59 year old woman with relapsing remitting multiple sclerosis (MS), not under Neurology follow-up was privately consulting a nutritionist based in Ireland and following the Coimbra protocol1 since December 2016. This included colecalciferol (1000-170000 IU/ day), vitamin B-complex and trace elements. Dose adjustments were advised during weekly skype consultations based on blood tests (via General Practitioner) and symptoms.
Fluid intake was 2litres/day (prescribed 3-4) for a week when hospital admission was advised for hypercalcaemia (corrected calcium level was 3.76 [2.20-2.60]) and acute kidney injury (AKI) stage1. She was getting thirstier and constipated. Serum 25-hydroxy vitamin D (25-OHD) was reportedly <15 nmol/L, and parathyroid hormone (PTH) was unsuppressed (4.7 pmol/L [1.6-7.5]). Vitamin D metabolites were requested and sample sent to another laboratory to confirm results by liquid chromatography-mass spectrometry (LC-MS). In view of undetectable 25-OHD computed tomography of chest, abdomen and pelvis was done (adrenal incidentaloma). Rehydration with intravenous normal saline, stopping supplements, led to corrected calcium settling to 2.68 and resolution of AKI.

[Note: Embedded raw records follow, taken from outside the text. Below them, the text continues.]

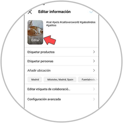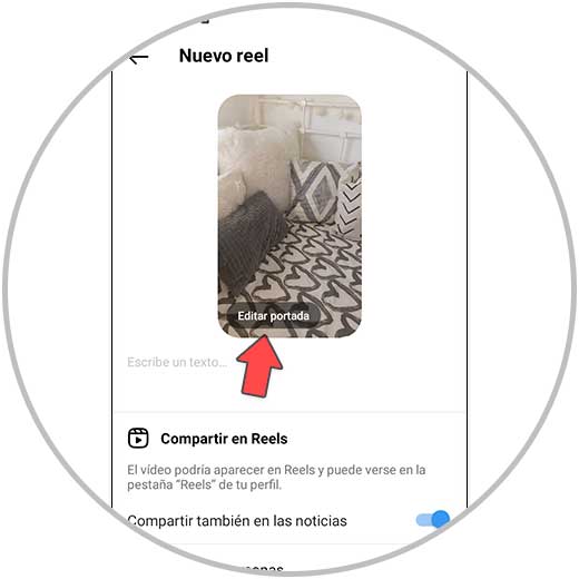 Una vez creado el Reel, en la última pantalla tiene que pulsar sobre la miniatura en “Editar portada”.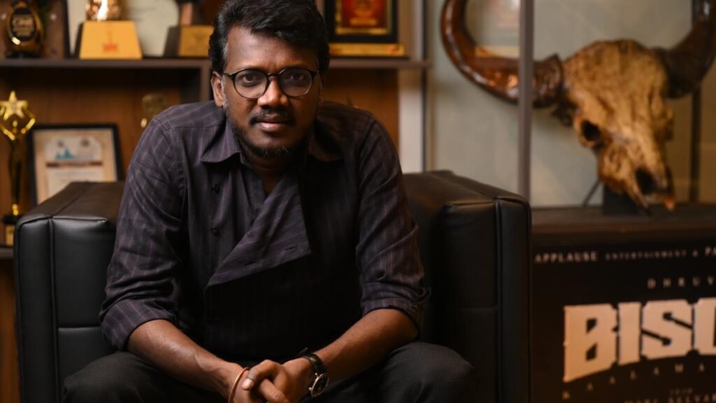 मशहूर फिल्म निर्माता मारी सेल्वराज के चेन्नई कार्यालय में एक सूअर का बच्चा पकड़े हुए और अपनी मां और पिता
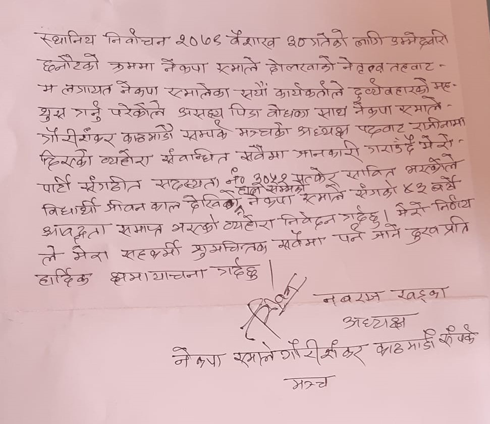 नेकपा (एमाले) निकट गौरीशंकर-काठमाडौँ सम्पर्क मन्चका अध्यक्ष नवराज खड्का आफ्नो जिम्मेवारीबाट राजिनामा दिएका छन् । गौरीशंकर गाउँपालिकाको अध्यक्षको उम्मेदवारको टुंगो लगाउने विषयमा चित्त दुखेको भन्दै उनले प्रेस-विज्ञप्ति निकाल्दै जिम्मेवारी मुक्त भएको बताएका छन् ।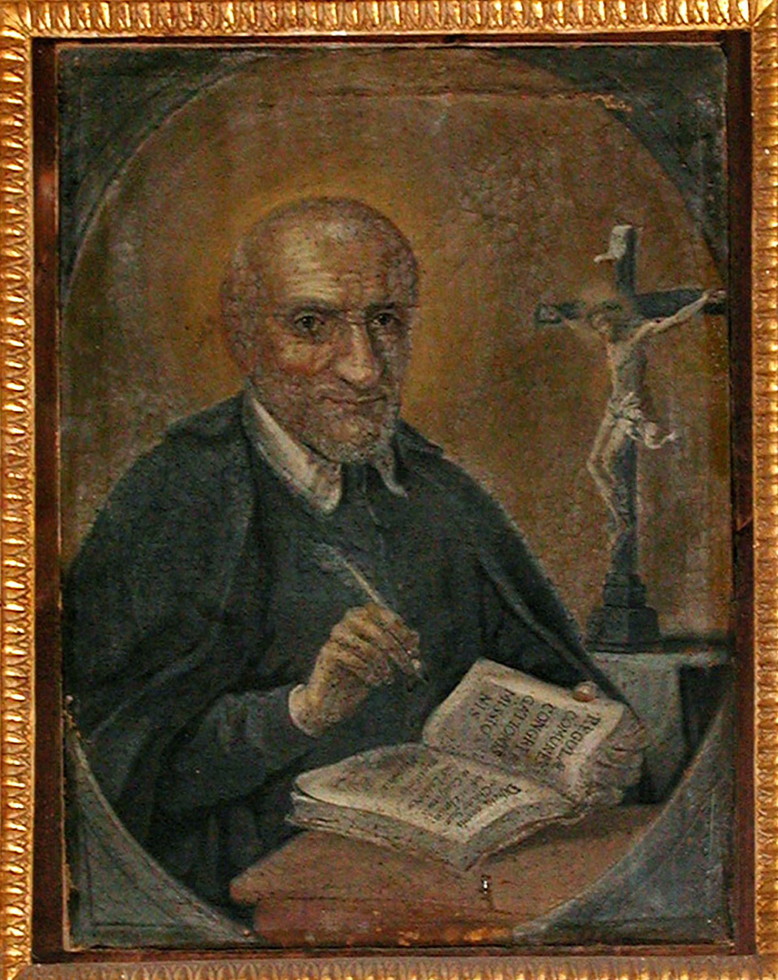 Oval painting, Vincent de Paul, seated, cassock, cape, writing Common Rules (Italian text), quill in hand, crucifix on table in background; original in Vincentian provincial house, via Vergini, Naples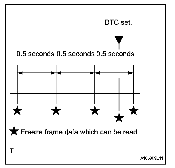 HINT: If it is impossible to duplicate the problem even though a DTC is detected, confirm the freeze frame data. The ECM records engine conditions in the form of freeze frame data every 0.5 seconds. Using the intelligent tester, 5 separate sets of freeze frame data can be checked.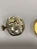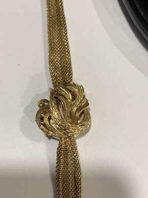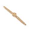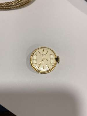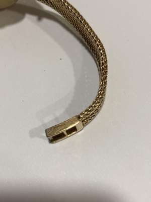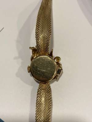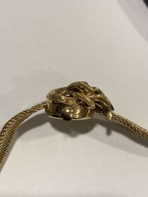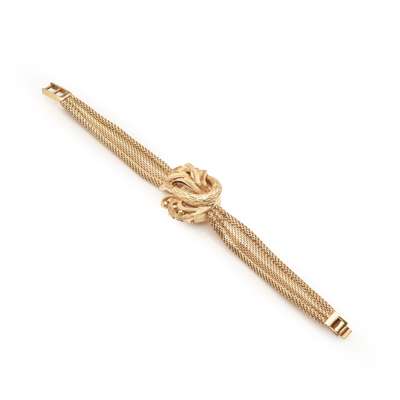with an ornate case cover, the dial with a darker section to each side, with applied gold baton hour marker, gold hands, on a mesh bracelet strap marked 14K to the clasp, no box and papers

We advised discontinuation of high dose vitamin D but she attributed significant improvement in her MS symptoms to it. After patients discharge, it emerged that there was a reporting error (information and technology issue) and the true 25-OHD level in-house was >374 by immunoassay, and 862 (99.6% vitamin D3) by LC-MS.
• Hypercalcaemia secondary to hypervitaminosis D is not widely recognised or reported.
• PTH may be normal in gradual colecalciferol toxicity, even in presence of hypercalcaemia, unlike in 1,25 dihydroxy Vitamin D toxicity e.g. alfacalcidol which happens rapidly
• Patients faith in their alternative treatment, details of which must be sought, may be undeterred despite severe adverse effects.
• Close liaison with chemical pathology colleagues can help solve an apparent clinical conundrum.